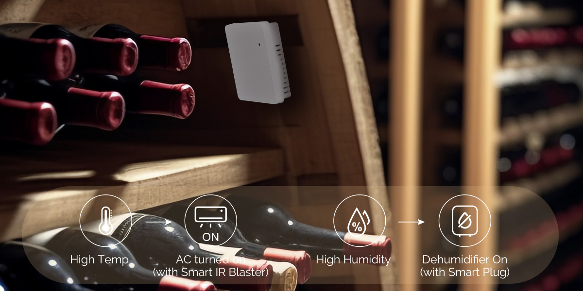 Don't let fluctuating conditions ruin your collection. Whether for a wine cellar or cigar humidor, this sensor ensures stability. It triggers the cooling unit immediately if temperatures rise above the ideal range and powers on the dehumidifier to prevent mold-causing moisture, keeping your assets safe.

════════════════

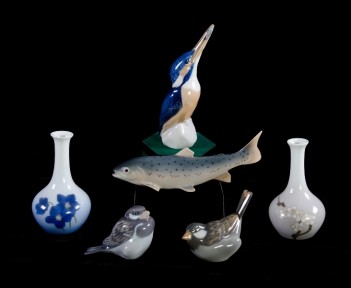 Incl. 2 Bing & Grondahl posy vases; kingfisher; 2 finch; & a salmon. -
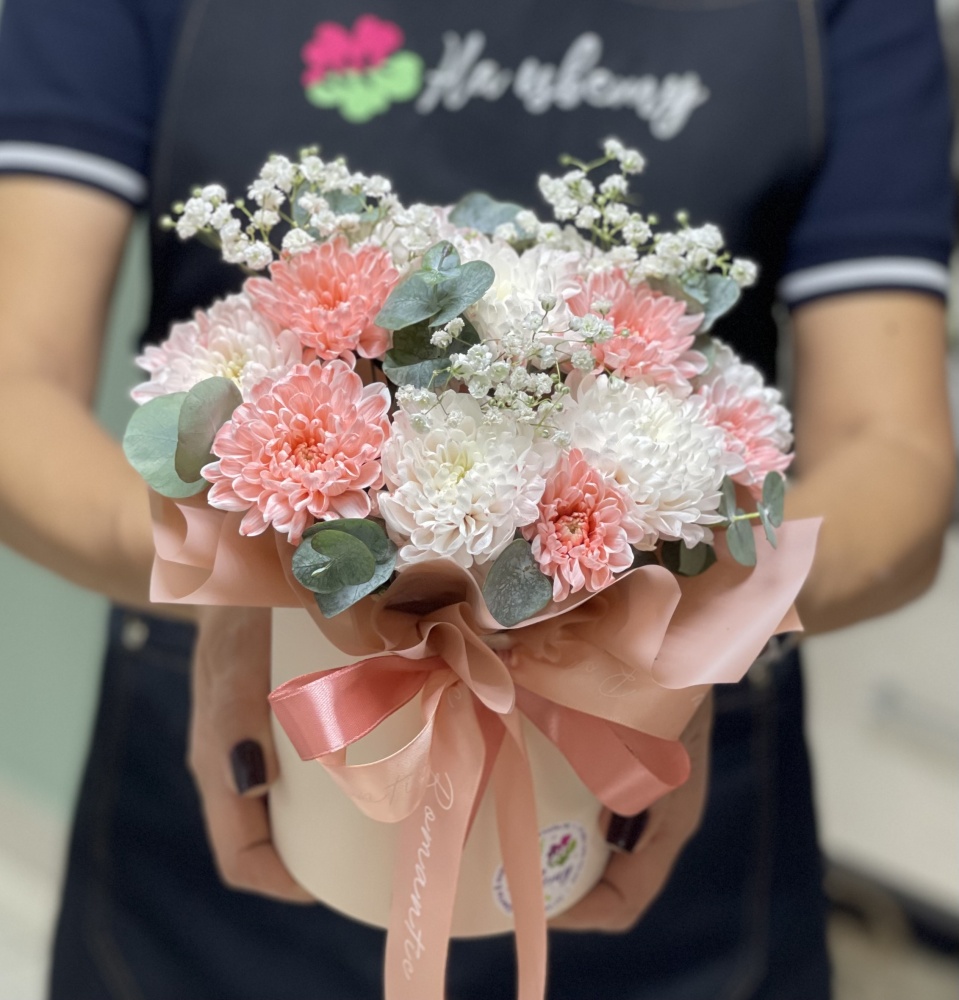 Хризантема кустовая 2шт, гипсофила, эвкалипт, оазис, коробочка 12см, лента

════════════════

▸ **Work required**:
Leave the pictures out. Output, exactly, the lines of the material above starting at the line containing "Incl. 2 Bing" and ending at the line containing "Хризантема кустовая 2шт, гипсофила, эвкалипт, оазис, коробочка".

▸ **Finished task**:
 Incl. 2 Bing & Grondahl posy vases; kingfisher; 2 finch; & a salmon. -
 Хризантема кустовая 2шт, гипсофила, эвкалипт, оазис, коробочка 12см, лента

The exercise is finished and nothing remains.